Numerical Data Summary
Here are some numerical data summaries that you can find using R:- sum() is used to take the sum of a set of numbers.
- length() can be used to find the number of elements in the vector provided. In other words, this will output the number of observations in a vector of data.
- mean() is used to find the mean of a set of numbers.
- median() is used to find the median of a set of numbers.
- cor() is used to find the correlation between two numeric sets of numbers.
- var() is used to find the variance of a set of numbers.
- sd() is used to find the standard deviation of a set of numbers.
- IQR() is used to find the interquartile range of a set of numbers.
- quantile() is used to find specific quantiles in a set of numbers.

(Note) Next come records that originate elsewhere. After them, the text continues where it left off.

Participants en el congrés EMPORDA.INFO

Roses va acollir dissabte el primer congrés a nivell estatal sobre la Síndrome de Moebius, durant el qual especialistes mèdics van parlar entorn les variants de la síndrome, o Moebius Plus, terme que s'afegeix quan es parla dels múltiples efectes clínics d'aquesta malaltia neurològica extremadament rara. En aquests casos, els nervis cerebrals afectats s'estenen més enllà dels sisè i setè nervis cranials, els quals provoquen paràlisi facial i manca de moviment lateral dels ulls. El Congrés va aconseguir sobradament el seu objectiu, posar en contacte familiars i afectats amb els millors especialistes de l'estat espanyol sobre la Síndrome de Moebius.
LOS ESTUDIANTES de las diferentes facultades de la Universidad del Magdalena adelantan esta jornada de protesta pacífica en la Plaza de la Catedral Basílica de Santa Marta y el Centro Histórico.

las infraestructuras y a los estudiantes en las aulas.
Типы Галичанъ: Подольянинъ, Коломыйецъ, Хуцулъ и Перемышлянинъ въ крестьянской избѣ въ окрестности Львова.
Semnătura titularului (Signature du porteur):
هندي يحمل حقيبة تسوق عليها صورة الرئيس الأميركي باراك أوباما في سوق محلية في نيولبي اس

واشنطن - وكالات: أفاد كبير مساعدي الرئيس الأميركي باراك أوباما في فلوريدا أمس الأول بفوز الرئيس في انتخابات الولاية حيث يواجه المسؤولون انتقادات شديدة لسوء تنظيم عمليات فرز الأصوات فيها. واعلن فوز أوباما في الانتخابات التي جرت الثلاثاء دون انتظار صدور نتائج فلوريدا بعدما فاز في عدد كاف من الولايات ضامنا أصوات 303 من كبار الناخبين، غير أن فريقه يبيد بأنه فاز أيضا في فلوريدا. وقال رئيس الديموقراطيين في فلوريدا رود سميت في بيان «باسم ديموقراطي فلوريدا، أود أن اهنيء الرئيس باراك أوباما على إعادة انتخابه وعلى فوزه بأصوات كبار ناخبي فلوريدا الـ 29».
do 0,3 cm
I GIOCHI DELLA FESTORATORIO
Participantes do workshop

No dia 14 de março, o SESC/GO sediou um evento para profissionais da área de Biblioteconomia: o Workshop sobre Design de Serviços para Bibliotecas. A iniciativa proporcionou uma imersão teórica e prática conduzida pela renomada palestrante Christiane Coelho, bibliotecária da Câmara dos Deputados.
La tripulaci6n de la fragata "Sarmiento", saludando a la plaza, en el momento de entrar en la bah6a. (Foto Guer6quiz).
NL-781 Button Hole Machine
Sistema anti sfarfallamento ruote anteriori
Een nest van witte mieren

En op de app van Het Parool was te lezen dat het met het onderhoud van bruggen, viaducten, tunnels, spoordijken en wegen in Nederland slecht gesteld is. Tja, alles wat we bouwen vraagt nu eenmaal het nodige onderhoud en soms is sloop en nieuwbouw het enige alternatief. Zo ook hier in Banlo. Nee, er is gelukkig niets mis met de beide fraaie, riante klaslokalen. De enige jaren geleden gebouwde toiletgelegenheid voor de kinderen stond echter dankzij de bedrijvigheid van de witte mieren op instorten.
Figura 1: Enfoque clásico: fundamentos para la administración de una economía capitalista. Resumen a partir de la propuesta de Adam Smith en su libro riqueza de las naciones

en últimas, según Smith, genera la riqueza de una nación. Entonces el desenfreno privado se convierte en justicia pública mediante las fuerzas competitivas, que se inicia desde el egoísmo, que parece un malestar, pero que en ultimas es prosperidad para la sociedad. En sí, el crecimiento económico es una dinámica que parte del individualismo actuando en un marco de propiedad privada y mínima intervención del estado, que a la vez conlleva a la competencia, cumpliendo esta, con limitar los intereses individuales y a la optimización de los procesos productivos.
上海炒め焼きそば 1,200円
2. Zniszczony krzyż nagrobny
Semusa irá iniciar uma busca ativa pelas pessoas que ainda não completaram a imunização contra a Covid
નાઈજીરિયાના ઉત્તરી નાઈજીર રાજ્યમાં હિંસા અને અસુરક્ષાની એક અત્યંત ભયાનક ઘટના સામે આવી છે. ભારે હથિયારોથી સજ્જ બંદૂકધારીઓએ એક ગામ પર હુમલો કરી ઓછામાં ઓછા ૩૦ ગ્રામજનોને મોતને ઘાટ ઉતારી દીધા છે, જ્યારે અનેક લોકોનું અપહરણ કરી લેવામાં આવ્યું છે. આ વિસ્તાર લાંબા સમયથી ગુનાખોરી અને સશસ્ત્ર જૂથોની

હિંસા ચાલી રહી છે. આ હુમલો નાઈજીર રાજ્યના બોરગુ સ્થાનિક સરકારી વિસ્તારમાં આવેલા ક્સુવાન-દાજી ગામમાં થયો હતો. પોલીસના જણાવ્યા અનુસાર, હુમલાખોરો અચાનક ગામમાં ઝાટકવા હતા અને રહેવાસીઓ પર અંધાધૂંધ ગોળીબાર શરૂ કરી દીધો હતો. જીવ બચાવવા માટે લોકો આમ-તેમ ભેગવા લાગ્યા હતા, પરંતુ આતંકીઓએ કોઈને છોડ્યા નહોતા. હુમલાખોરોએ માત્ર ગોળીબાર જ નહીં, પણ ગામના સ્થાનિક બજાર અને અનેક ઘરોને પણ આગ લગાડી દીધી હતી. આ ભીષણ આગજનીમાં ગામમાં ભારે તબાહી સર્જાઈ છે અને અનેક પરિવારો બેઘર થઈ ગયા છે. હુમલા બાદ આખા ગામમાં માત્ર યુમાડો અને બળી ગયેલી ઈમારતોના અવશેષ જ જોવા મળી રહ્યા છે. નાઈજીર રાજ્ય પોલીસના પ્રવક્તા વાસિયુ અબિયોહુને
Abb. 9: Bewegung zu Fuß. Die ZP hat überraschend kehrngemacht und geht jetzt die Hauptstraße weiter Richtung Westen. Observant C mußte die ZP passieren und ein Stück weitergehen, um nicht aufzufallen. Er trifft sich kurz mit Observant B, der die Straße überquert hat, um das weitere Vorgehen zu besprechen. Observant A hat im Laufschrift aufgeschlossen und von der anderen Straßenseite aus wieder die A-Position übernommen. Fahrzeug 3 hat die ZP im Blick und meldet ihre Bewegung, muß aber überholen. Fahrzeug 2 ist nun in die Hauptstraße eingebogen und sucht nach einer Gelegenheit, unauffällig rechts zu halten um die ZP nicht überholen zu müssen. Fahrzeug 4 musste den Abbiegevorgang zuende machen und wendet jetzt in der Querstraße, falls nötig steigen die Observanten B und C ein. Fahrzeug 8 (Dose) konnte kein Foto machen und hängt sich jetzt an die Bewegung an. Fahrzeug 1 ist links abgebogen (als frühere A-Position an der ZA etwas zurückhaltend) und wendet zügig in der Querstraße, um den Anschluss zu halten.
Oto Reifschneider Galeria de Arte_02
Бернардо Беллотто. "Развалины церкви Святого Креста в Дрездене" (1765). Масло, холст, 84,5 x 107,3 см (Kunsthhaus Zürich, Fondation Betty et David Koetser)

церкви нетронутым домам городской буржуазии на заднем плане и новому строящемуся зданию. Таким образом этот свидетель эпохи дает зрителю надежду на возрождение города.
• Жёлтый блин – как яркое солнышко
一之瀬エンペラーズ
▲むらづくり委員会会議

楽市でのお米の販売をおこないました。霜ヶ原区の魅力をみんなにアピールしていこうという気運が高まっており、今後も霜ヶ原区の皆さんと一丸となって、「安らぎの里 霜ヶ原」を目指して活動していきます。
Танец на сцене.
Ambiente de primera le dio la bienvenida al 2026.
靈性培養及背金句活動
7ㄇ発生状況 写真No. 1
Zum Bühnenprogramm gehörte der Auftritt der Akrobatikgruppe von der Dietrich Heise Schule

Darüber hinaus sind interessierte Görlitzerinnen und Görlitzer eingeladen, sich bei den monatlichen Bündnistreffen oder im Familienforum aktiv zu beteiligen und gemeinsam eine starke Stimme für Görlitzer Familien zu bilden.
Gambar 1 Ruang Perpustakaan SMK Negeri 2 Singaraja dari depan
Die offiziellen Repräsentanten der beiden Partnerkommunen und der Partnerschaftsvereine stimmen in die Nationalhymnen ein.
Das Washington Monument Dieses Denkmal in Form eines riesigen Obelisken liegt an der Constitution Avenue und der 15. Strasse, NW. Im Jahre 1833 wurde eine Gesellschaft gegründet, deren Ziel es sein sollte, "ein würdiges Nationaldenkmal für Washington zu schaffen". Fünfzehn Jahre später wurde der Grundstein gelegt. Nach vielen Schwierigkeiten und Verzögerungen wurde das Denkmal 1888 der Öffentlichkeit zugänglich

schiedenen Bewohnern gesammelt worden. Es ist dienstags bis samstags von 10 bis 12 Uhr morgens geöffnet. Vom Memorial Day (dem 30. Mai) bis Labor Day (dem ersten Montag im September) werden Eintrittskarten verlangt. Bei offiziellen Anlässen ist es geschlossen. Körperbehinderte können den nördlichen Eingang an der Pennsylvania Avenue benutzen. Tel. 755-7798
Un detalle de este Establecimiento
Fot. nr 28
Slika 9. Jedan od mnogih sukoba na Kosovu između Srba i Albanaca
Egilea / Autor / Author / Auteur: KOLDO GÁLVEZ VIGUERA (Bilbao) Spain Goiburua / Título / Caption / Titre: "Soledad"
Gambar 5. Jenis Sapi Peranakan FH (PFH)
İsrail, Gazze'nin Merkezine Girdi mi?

- R will automatically output the 0th, 25th, 50th, 75th and 100th percentiles. If you want different quantiles, they can be specified in the probs argument.
- The summary() function can be used for both numerical and categorical data but provide different results.
- To get the relative frequencies of each of the categories for a categorical variable, you simply can divide the summary statistics by the number of observations.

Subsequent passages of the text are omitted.